EXERCISE GOAL:
Please repeat exactly the lines from the one containing "KINGS ROAD MASTERPIECE!" to the end of the entries below, both included, and omit all pictures.

Collected data
☆ ☆ ☆ ☆ ☆

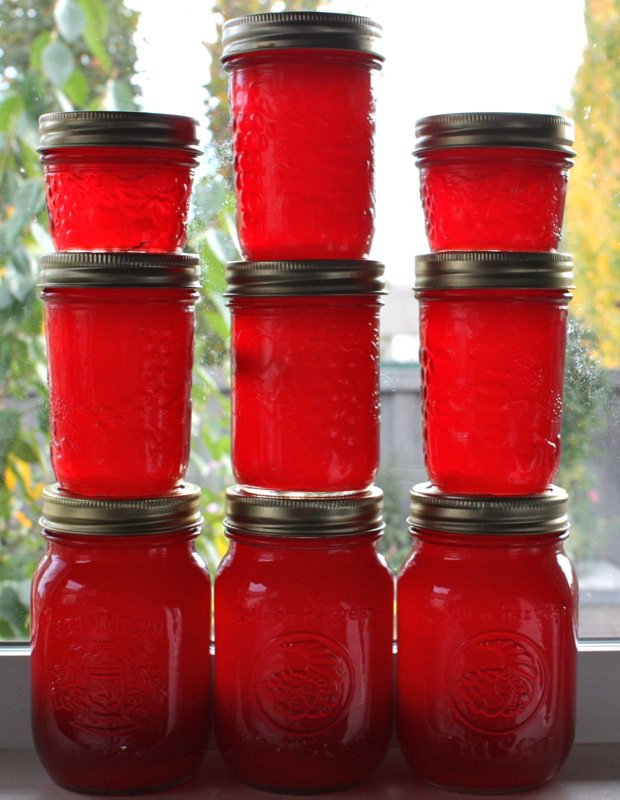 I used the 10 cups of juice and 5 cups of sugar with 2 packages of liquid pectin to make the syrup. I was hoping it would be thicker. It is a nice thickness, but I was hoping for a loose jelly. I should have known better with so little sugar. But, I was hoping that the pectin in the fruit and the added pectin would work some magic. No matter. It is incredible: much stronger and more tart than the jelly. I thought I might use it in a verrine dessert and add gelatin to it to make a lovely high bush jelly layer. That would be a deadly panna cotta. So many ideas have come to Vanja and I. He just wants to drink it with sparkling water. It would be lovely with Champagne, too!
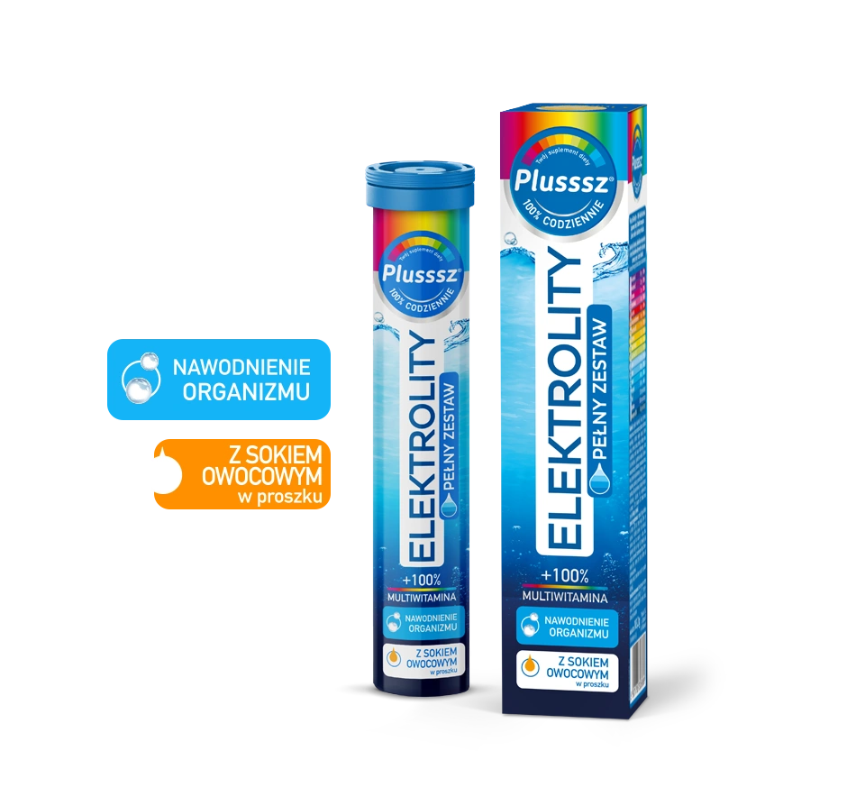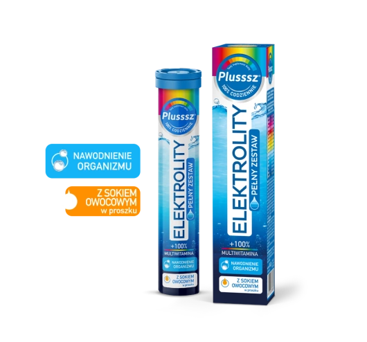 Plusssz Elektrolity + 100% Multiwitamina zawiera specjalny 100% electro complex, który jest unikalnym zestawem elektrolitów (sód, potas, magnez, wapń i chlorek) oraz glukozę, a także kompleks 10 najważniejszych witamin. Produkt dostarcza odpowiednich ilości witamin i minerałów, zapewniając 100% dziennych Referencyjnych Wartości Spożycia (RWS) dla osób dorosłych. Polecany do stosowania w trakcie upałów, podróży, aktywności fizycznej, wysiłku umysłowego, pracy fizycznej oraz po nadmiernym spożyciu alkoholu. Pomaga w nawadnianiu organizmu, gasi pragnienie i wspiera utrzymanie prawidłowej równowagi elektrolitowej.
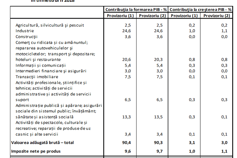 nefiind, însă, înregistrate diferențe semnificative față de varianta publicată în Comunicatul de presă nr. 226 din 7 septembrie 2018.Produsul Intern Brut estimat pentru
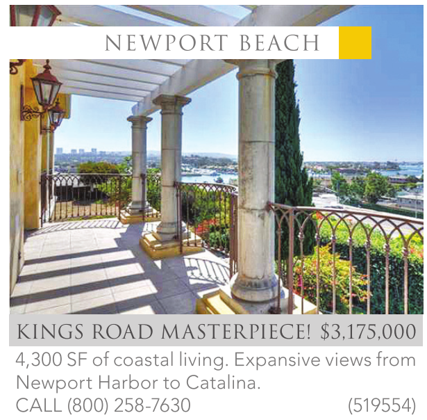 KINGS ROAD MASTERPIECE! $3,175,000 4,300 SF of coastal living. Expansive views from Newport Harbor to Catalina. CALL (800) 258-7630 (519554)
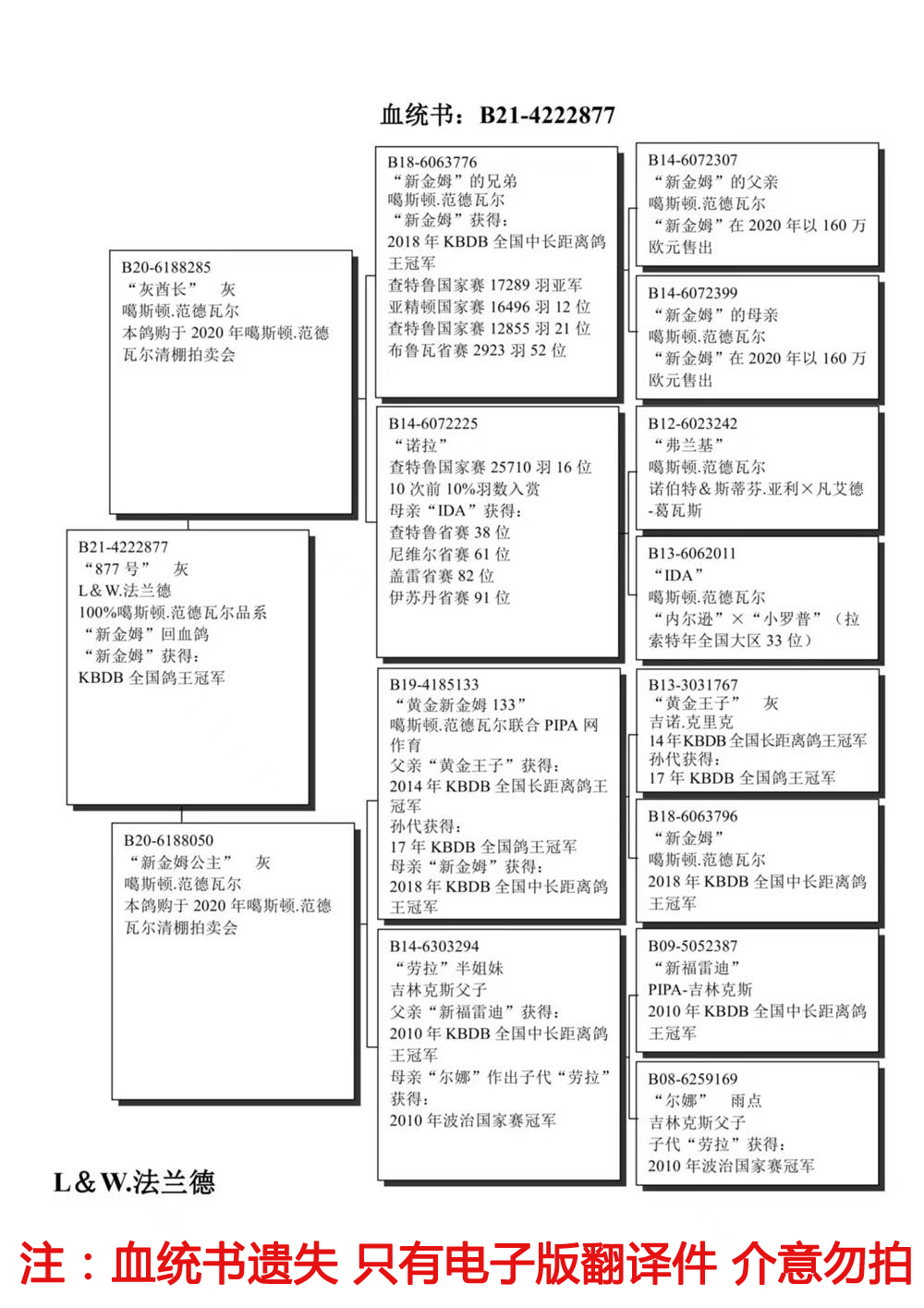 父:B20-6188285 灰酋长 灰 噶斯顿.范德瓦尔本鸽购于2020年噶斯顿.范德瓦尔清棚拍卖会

☆ ☆ ☆ ☆ ☆

REPLY:
 KINGS ROAD MASTERPIECE! $3,175,000 4,300 SF of coastal living. Expansive views from Newport Harbor to Catalina. CALL (800) 258-7630 (519554)
 父:B20-6188285 灰酋长 灰 噶斯顿.范德瓦尔本鸽购于2020年噶斯顿.范德瓦尔清棚拍卖会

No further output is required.